Awesome! That’d be great! And thanks for the quick answer

hallvagi · June 19, 2020, 10:28am

Wandb seems like a great tool! I’ve been testing it with a few simple examples, such as the demo notebook mentioned above. I’m able to track the hyperparameters (lr, loss etc), but I can’t seem to track the parameters nor the gradients. I’ve been testing various options to the log parameter in the callback, but no results so far. Any ideas of what I’m doing wrong?

hallvagi · June 19, 2020, 11:39am

D’oh! There is a default minimum of 100 batches to be run before parameters and gradients are stored: wandb.watch??. Datasets such as MNIST tiny has fewer batches (with normal batch sizes at least).

hallvagi · June 19, 2020, 12:11pm

Also, if I run two experiments in a row like this:

#first experiment:
wandb.init(project='imagnette-128')
learn = cnn_learner(dls, resnet18, pretrained=False)
learn.fit(3, 1e-3, cbs=WandbCallback(log='all'))

#Second experiment:
wandb.init(project='imagnette-128')
learn = cnn_learner(dls, resnet34, pretrained=False)
learn.fit(3, 1e-3, cbs=WandbCallback(log='all'))

Parameters and gradients are stored only for the first one. Any ideas why that is?

boris · July 8, 2020, 5:36pm

It is because WandbCallback._wandb_watch_called == True as watch can be called only once per run and once per model.
Technically it could be reset to False when doing a new wandb.init. If it becomes a common issue we could monkey patch it.
You can set it manually to False for now. Let me know if that works.

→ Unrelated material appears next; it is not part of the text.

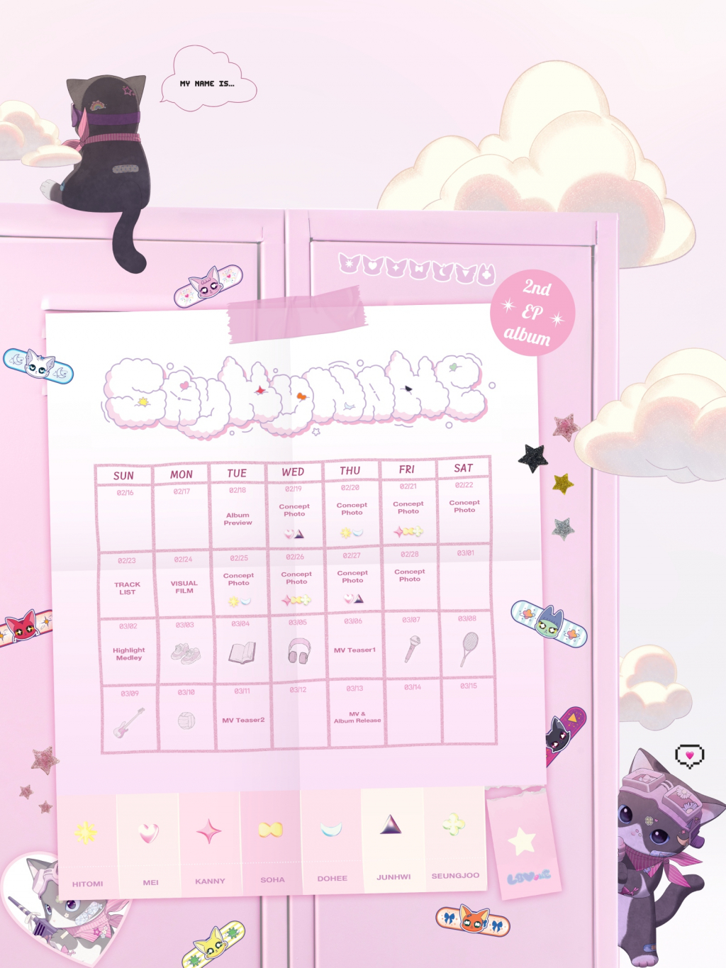 게다가 세이마이네임을 상징하는 고양이 캐릭터와 몽글몽글한 구름 등으로 사랑스러운 분위기를 표현하는 등 세이마이네임만의 러블리함으로 눈길을 사로잡았다. 공개된 컴백 타임테이블 이미지 속 운동화, 헤드셋, 마이크 등의 그림으로 표시된 콘텐츠들은 궁금증을 더했다.

boris · July 8, 2020, 7:05pm

I’m currently working on it.

The issue is related to creating a DataLoader for sample predictions:

we choose 36 items from the validation set → seems to work fine
issue happens at this line when trying to create a DataLoader from those items

I think the problem is that the items fed to TabularDataLoaders.test_dl is a list of pandas.core.series.Series while it should probably be a Dataframe.

When I convert it to a Dataframe with test_items = pd.DataFrame(test_items) prior to feeding it to test_dl, I get an error while fetching prediction samples: see stack trace.

Not sure where the problem is…
I created an experimental notebook if anyone wants to try to tackle this issue.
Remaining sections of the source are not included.